I really don’t get on with concentrated shampoos such as BH Autowash & Gyeon Bathe Essence, tried them both, very few suds and although slick, little panel coverage. I wonder if I am doing something wrong. My favourite is Britemax CleanMax, but I can’t understand why I don’t have the same views as everyone else, unless my expectations are too high.


----------



## Mardgee (Feb 28, 2009)

Bilt Hamber Auto Wash. As stated I used 5ml in my bucket and not had a slicker shampoo. Most recently used AF lather & Gyeon Bathe and I prefer the Bilt Hamber.


----------



## Zebra (Dec 2, 2010)

*Even if its just for your wheels .....*

Available from an increasingly popular budget supermarket for less than £2!

Its worth a google to find out about it.


----------



## MrG47 (Oct 21, 2015)

Bilt Hamber Auto Wash
Adam’s ultra foam shampoo
Gyeon Bathe +

Currently have the above 3. I use BHAW when i want somehing slick. Ultra Foam when i want an overdose of suds. Bathe + when short in time and i want to wash and add gloss at the same time. 

G

Sent from my iPhone using Tapatalk


----------



## Andyblue (Jun 20, 2017)

Zebra said:


> Available from an increasingly popular budget supermarket for less than £2!
> 
> Its worth a google to find out about it.


Not tried this - how have you found it ?


----------



## Peter77 (May 29, 2016)

Zebra said:


> Available from an increasingly popular budget supermarket for less than £2!
> 
> Its worth a google to find out about it.


Used it and rate it, i bought 3 of the products they had on offer from said budget supermarket. The leather cleaner is also very good

Sent from my iPhone using Tapatalk


----------



## vindaloo (Jan 5, 2006)

Peter77 said:


> Used it and rate it, i bought 3 of the products they had on offer from said budget supermarket. The leather cleaner is also very good
> 
> Sent from my iPhone using Tapatalk


Just ordered wine from this particular budget supermarket and decided to add a couple of bottles of the Automate shampoo to try, I note it claims to be PH neutral which is good if you don't wish to add anything. I also note that other online sites sell this for £5 a bottle. If I'm not wild about it I can always demote it to wheel cleaning duty.


----------



## andy198712 (Jan 20, 2018)

Used BHAW for the first time this week.

Thought i'd treat my self to warm water.... 

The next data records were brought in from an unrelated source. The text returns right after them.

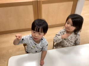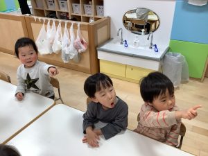 」と言うと子どもたちも走る真似をして一緒に逃げてくれていました![]()
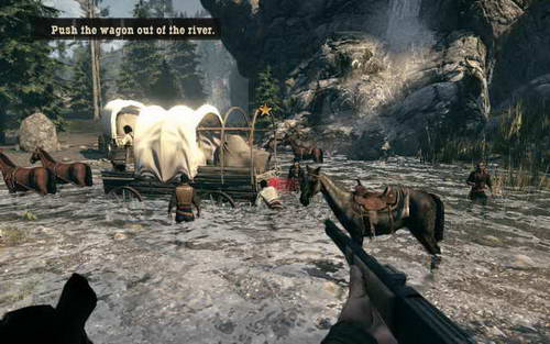 大家的精神立刻都紧张起来 Juarez大喊一声“快走” 抓紧拼命的赶路 但越急越乱 马车轮子陷进瀑布前的河泥中 得到任务 把马车从河泥中推出来
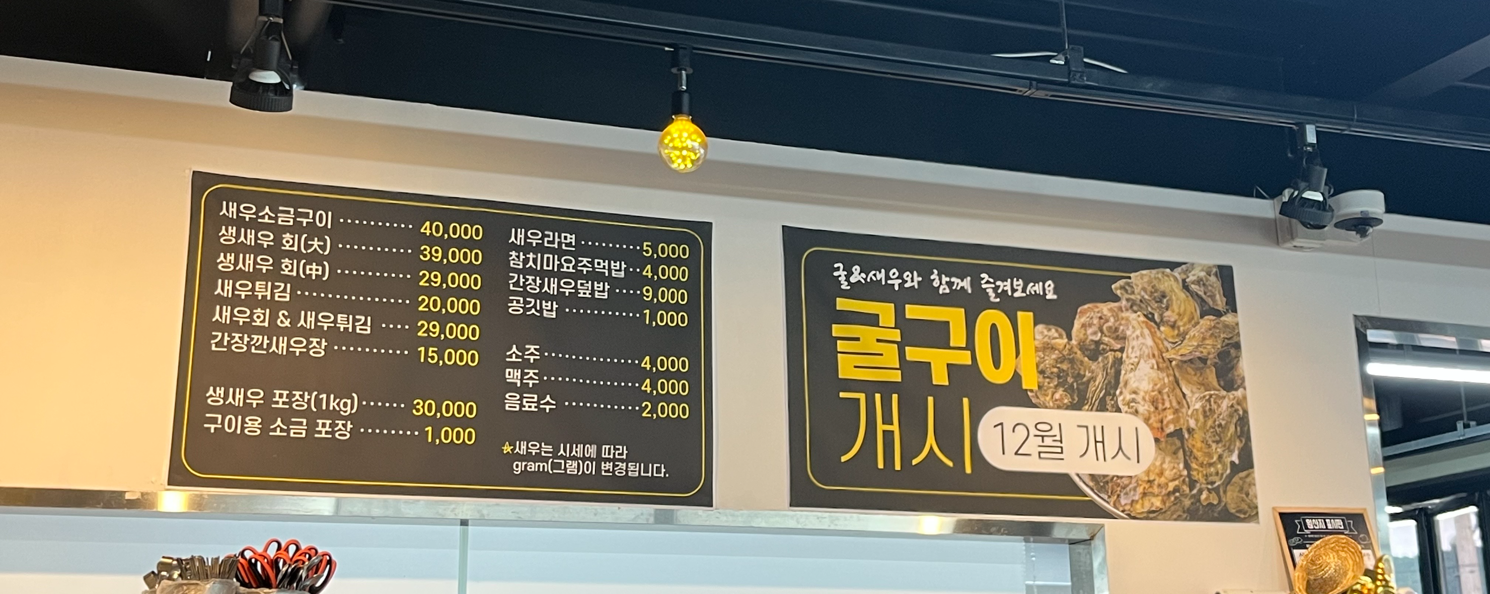 도시새우 메뉴판입니다. 새우는 시세에 따라 그램이 변경되는점 참고해주세요

added a teaspoon to my bucket (now ordered a 5ml syringe off amazon) added my warm water from the kitchen tap with a shower setting, it foamed up pretty well!

when i got up to the car i gave it a squirt with the pressure washer and it give it a denser foam.

applied to the car and it felt very slick! yes not the foamiest on the car but felt great to use and the small £10 pot will last ages!


----------